Structure follows the memo
Expert calls and qualitative work should follow a funnel structure that maps to the investment thesis.
Open broad to surface unknowns. "Walk me through how purchasing decisions for this product are made in your organization." This gives the expert room to share things the interviewer did not know to ask about. The best insights often come early, before the expert settles into answering specific questions. Experts know things that researchers do not know they need. Broad opening questions create space for those things to surface.
Move into structured blocks tied to the memo.
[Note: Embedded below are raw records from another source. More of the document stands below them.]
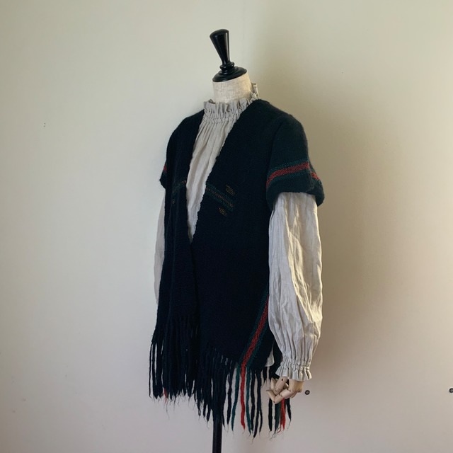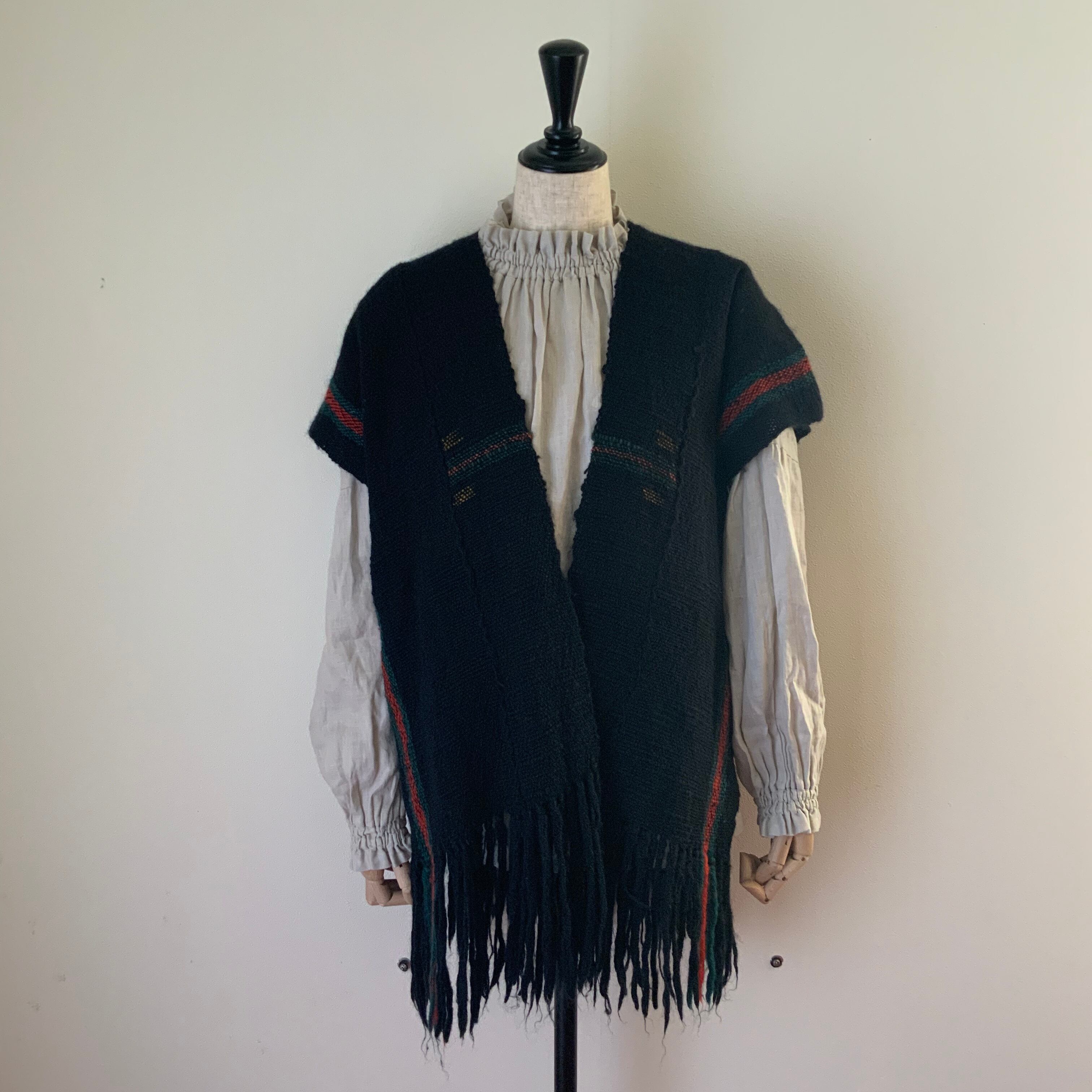 古着らしい織物のベストです [ COLOR ] ブラック レッド × グリーン × イエロー [ SIZE ] 着丈81cm(肩から計測フリンジ含む) [ MATERIAL] 品質表示タグ無し不明 [ CONDITION] 使用感はありますが、傷汚れなくキレイです ※記載の無いわずかなダメージがある場合もあります。予めご了承ください。
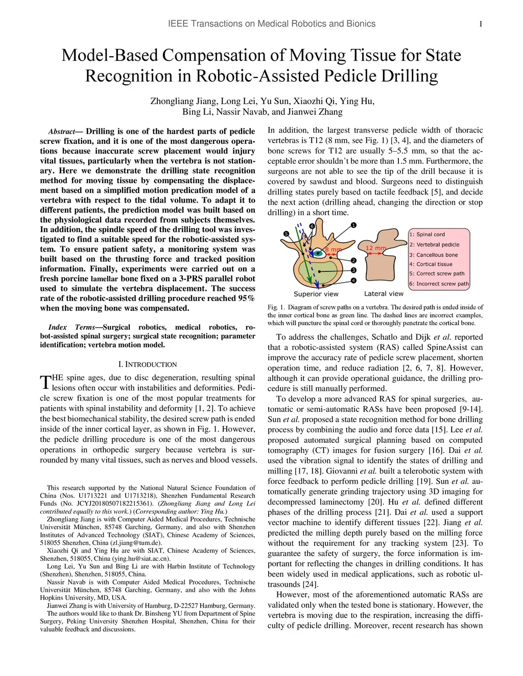 Drilling is one of the hardest parts of pedicle screw fixation, and it is one of the most dangerous operations because inaccurate screw placement would injury vital tissues, particularly when the vertebra is not stationary. Here we demonstrate the drilling state recognition method for moving tissue by compensating the displacement based on a simplified motion predication model of a vertebra with respect to the tidal volume. To adapt it to different patients, the prediction model was built based on the physiological data recorded from subjects themselves. In addition, the spindle speed of the drilling tool was investigated to find a suitable speed for the robotic-assisted system. To ensure patient safety, a monitoring system was built based on the thrusting force and tracked position information. Finally, experiments were carried out on a fresh porcine lamellar bone fixed on a 3-PRS parallel robot used to simulate the vertebra displacement. The success rate of the robotic-assisted drilling procedure reached 95% when the moving bone was compensated.
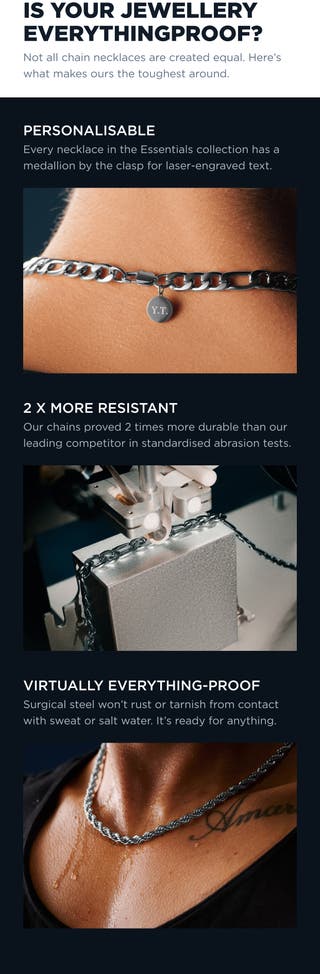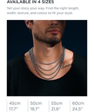 The narrow, reflective surface catches light subtly and sits neatly against a shirt or under a jacket. It works well with casual tees, button-up shirts or other chains for a layered look, adding a restrained metallic accent without stealing focus from your outfit.
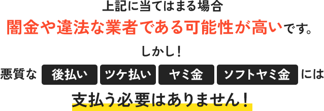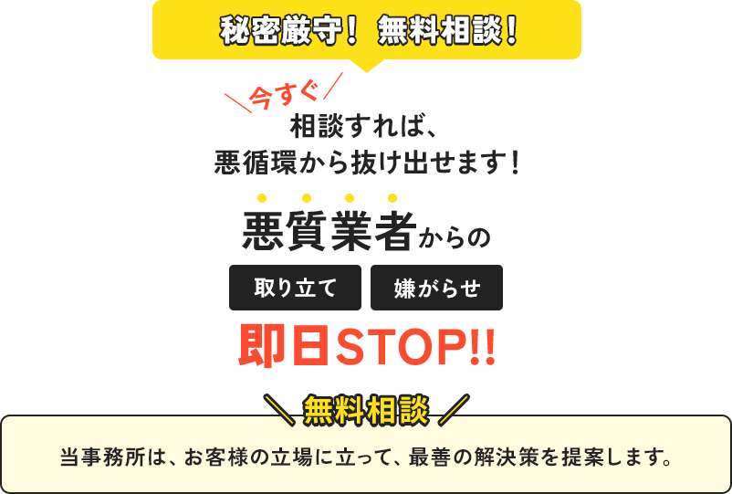 闇金に対して専門的に対応してきた弁護士が適切な解決策をご提案させていただきます。
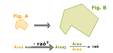 Si dues figures A i B són semblants, el quocient entre l'àrea de B i l'àrea d'A és el quadrat de la raó de semblança de la figura B sobre l'A.
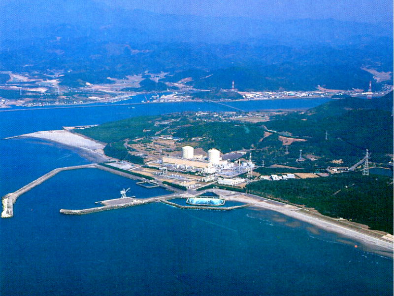 川内原子力発電所の全景。東シナ海に面して施設ができており、周囲は緑に包まれている。背後に見えるのは川内川。
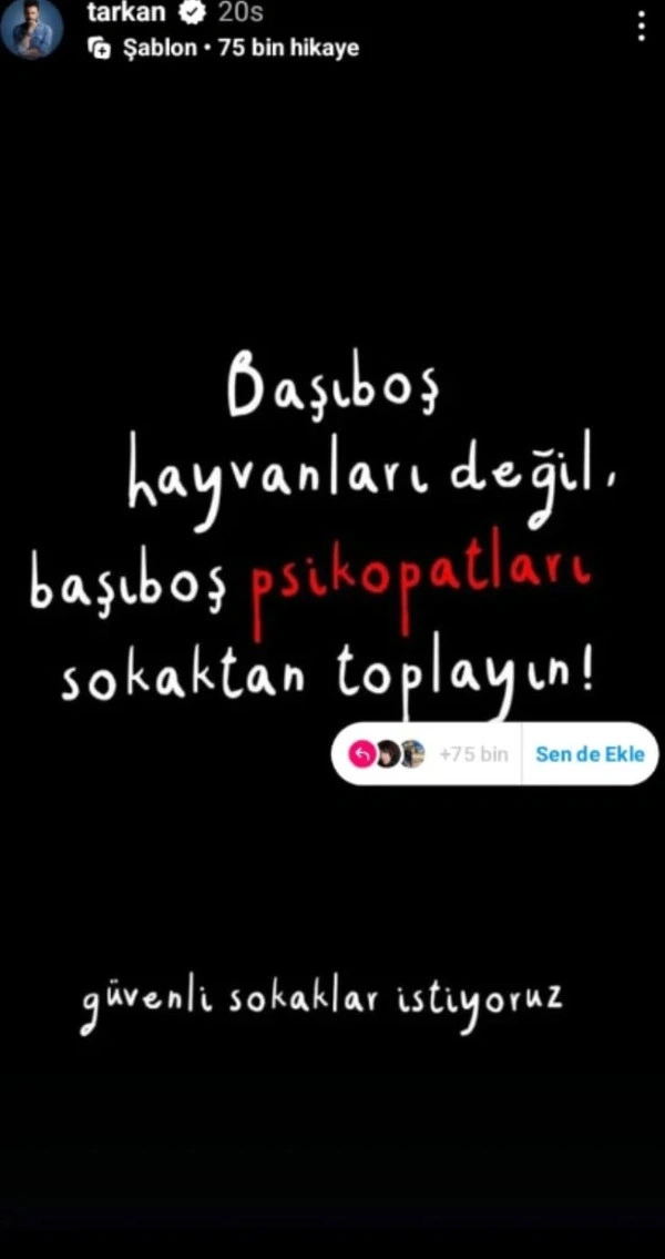 Şarkıcı, daha sonra yaptığı bir başka paylaşımda, sokak köpeklerinin toplatılması tartışmalarına atıfta bulunarak, "Başıboş hayvanları değil, başıboş psikopatları sokaktan toplayın!" sözleriyle güvenli sokaklar için çağrı yaptı.
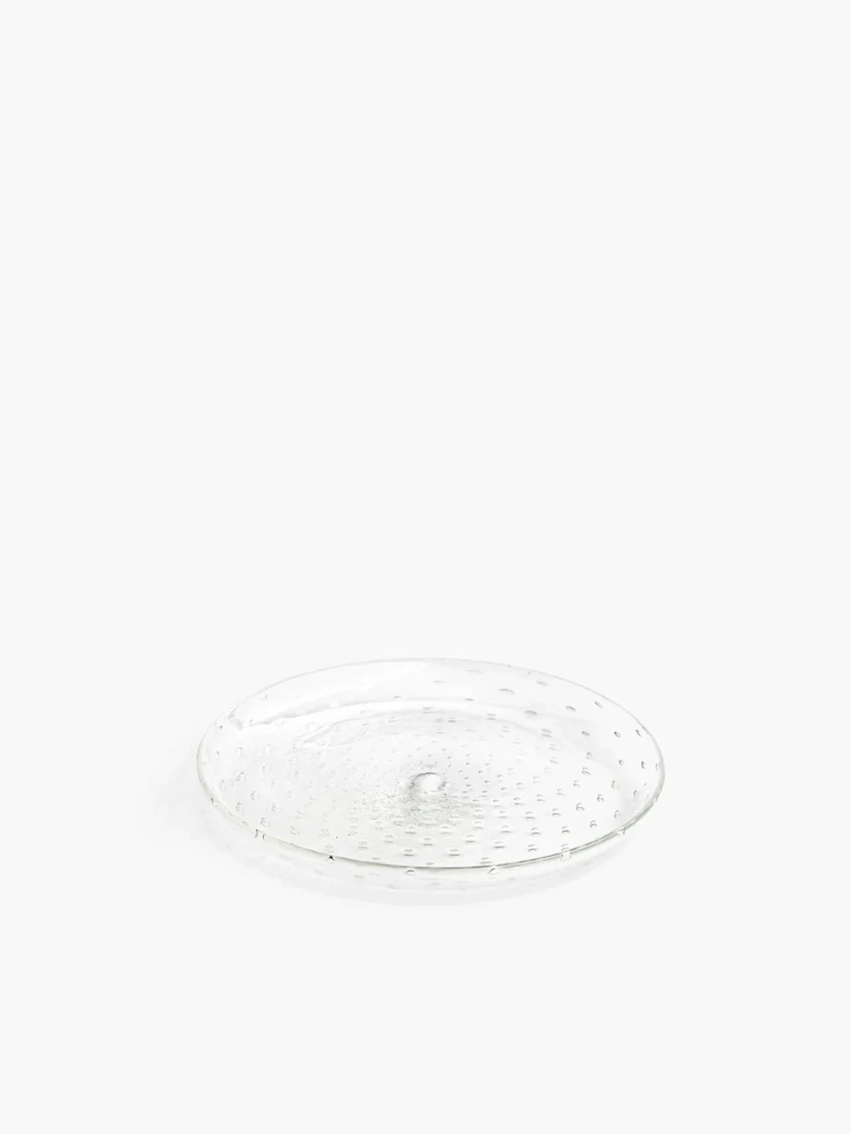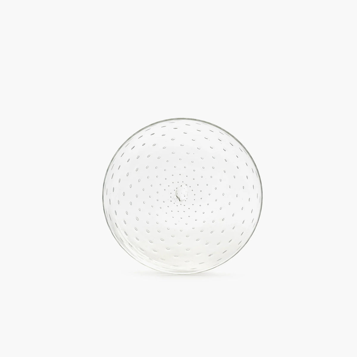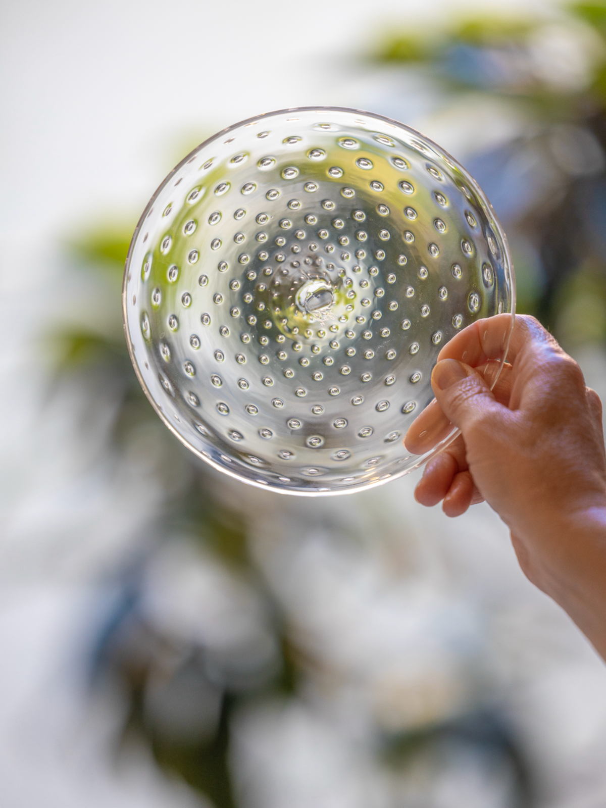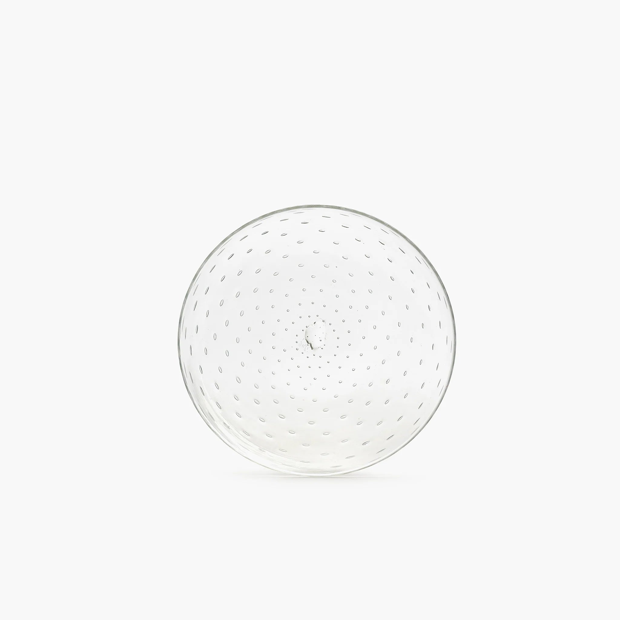 Mouthblown plate with a raindrop pattern in clear glass. Handmade in Murano.

Demand. Pricing. Competition. Product. Risk. Each block maps to a section of the investment thesis. Good interviews follow threads. But the guide keeps the conversation tied to the memo when experts go off track. Some experts love to talk. Without structure, 40 minutes will go to interesting tangents and five minutes will go to the questions that matter.
Close with stress tests and outliers. "What would need to happen for you to materially cut spend or switch?" These questions reveal edge cases and tail risks. They force the expert to think about scenarios rather than just describe the status quo. The status quo is what documents reveal. Scenarios are what experts are for.
Surveys follow different logic. Start with tight screeners. Only the right personas get through. Role, budget authority, product usage, region. A survey of the wrong people is worse than no survey at all. It produces data that looks rigorous but reflects the wrong population.
Build a spine of quantitative questions for comparability. Likert scales, ranges, multiple-choice. These create the structure that allows aggregation and comparison across respondents.
Add targeted open-ends where nuance matters. But never more than two or three open-ends. Respondents stop trying after that. Survey fatigue is real. Long open-ended questions at the end of a survey get one-word answers or nothing at all.
Map every question to the model
Each question maps to a cell in the model. If no one can point to where the answer goes, the question does not belong in the guide.
This question feeds churn assumptions. These three inform pricing power and gross margin. This block maps to TAM penetration and growth runway. The exercise of mapping questions to model cells is uncomfortable. It reveals how much of most research plans is coverage for coverage's sake.
A question with no clear destination in the model is filler. A question that tightens a range or changes a key assumption builds conviction. The former creates a sense of productivity. The latter makes money.
Build a simple table before any research project. Left column: the question. Right column: the model cell or assumption it informs. If the right column cannot be filled in, delete the question from the left column.
This discipline is painful the first few times. It forces acknowledgment that many questions exist because they feel relevant, not because they connect to anything. Over time, it becomes second nature. Questions get written with their model destination in mind. Guides get shorter. Calls get more useful. Conviction gets stronger.
"If the answer does not touch the model, delete the question."
What this looks like in practice
A SaaS acquisition that Woozle worked on illustrated the pattern clearly. The PE buyer had solid headline metrics. Strong ARR growth. Low logo churn. Expanding ACVs. Expert network calls had delivered positive takes that endorsed the management story.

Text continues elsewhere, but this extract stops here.